(Material provided Opens)

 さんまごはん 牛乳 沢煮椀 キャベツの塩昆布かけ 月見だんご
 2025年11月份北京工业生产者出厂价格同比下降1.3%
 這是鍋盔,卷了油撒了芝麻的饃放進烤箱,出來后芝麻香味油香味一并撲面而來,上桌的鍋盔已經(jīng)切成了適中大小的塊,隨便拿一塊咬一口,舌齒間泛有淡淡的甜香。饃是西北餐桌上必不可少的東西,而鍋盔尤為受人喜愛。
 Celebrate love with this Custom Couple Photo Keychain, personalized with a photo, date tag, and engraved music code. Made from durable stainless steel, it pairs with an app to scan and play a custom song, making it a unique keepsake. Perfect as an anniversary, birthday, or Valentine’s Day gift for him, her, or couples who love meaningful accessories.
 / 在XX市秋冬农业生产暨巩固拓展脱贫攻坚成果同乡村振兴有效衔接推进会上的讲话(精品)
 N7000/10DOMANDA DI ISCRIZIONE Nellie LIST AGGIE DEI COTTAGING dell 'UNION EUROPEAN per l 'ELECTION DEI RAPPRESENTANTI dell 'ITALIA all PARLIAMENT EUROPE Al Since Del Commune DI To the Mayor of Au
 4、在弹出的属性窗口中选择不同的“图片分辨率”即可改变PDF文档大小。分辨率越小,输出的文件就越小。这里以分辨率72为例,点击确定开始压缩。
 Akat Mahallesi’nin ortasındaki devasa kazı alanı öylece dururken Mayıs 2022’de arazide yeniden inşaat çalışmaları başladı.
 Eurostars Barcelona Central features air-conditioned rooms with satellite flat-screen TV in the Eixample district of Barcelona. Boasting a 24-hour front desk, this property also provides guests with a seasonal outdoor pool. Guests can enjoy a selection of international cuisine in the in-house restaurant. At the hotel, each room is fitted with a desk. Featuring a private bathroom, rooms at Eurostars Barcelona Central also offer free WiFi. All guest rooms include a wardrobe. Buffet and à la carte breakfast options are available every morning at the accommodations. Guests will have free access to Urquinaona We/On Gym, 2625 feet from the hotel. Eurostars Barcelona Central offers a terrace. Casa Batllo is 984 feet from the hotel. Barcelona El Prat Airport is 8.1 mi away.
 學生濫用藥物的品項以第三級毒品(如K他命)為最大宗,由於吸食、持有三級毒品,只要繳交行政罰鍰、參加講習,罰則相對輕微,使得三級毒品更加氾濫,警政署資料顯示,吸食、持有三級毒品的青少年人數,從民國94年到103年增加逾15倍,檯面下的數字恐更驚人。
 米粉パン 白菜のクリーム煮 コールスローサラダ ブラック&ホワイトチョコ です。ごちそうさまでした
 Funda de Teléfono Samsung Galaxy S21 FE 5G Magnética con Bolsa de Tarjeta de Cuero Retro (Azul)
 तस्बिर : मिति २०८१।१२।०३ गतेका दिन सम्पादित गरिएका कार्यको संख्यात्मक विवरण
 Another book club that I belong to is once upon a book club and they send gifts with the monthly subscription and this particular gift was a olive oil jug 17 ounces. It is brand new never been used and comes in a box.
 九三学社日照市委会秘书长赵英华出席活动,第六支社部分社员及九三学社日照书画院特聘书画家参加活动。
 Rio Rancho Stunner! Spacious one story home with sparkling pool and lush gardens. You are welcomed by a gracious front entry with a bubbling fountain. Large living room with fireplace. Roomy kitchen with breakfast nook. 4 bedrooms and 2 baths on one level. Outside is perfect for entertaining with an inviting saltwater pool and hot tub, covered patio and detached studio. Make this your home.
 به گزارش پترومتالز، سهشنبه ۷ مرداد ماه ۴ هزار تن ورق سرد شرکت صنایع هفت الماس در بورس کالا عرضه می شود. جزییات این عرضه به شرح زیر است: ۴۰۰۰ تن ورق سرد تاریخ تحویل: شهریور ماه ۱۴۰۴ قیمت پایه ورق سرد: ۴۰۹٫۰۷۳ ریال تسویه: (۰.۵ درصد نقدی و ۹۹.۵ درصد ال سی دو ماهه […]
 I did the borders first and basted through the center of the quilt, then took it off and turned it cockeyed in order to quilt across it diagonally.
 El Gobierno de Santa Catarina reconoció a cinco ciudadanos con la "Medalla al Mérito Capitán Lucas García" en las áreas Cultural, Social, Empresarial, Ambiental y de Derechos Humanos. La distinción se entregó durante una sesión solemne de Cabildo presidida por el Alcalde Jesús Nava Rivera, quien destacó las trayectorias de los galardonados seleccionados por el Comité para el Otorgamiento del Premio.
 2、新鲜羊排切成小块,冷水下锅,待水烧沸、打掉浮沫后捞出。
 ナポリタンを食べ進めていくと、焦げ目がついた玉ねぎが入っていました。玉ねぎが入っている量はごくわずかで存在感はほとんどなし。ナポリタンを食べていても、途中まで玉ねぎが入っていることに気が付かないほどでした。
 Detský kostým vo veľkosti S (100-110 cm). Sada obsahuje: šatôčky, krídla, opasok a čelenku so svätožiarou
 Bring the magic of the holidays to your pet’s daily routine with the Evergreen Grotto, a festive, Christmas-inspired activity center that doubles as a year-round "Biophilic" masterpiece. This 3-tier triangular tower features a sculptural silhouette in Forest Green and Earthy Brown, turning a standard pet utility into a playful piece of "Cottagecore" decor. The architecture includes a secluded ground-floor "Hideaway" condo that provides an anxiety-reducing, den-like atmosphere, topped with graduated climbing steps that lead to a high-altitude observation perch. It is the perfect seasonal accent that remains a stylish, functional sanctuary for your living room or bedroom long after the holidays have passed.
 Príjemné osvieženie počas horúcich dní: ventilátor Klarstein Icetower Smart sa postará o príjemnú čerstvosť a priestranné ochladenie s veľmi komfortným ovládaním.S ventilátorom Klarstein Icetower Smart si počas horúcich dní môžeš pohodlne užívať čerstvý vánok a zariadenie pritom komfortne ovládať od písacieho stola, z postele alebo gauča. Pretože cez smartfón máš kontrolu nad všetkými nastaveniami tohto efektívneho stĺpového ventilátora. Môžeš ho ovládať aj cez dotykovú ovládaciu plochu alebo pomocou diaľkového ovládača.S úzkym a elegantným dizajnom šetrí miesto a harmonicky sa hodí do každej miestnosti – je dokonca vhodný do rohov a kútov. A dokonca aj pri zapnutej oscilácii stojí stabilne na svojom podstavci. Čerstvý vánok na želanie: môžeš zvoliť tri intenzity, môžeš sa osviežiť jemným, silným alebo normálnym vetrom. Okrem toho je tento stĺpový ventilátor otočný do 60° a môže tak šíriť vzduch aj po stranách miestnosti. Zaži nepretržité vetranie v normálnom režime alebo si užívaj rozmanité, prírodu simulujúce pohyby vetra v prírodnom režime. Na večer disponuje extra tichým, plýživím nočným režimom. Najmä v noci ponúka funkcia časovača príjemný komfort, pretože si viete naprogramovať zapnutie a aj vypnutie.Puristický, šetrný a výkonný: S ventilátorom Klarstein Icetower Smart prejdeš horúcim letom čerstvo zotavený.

(Material provided Closes)

Exercise aim: Quote the data above from the line containing "2、新鲜羊排切成小块,冷水下锅,待水烧沸、打掉浮沫后捞出。" to the line containing "Detský kostým vo", inclusive, and stop.

Task solution:
 2、新鲜羊排切成小块,冷水下锅,待水烧沸、打掉浮沫后捞出。
 ナポリタンを食べ進めていくと、焦げ目がついた玉ねぎが入っていました。玉ねぎが入っている量はごくわずかで存在感はほとんどなし。ナポリタンを食べていても、途中まで玉ねぎが入っていることに気が付かないほどでした。
 Detský kostým vo veľkosti S (100-110 cm). Sada obsahuje: šatôčky, krídla, opasok a čelenku so svätožiarou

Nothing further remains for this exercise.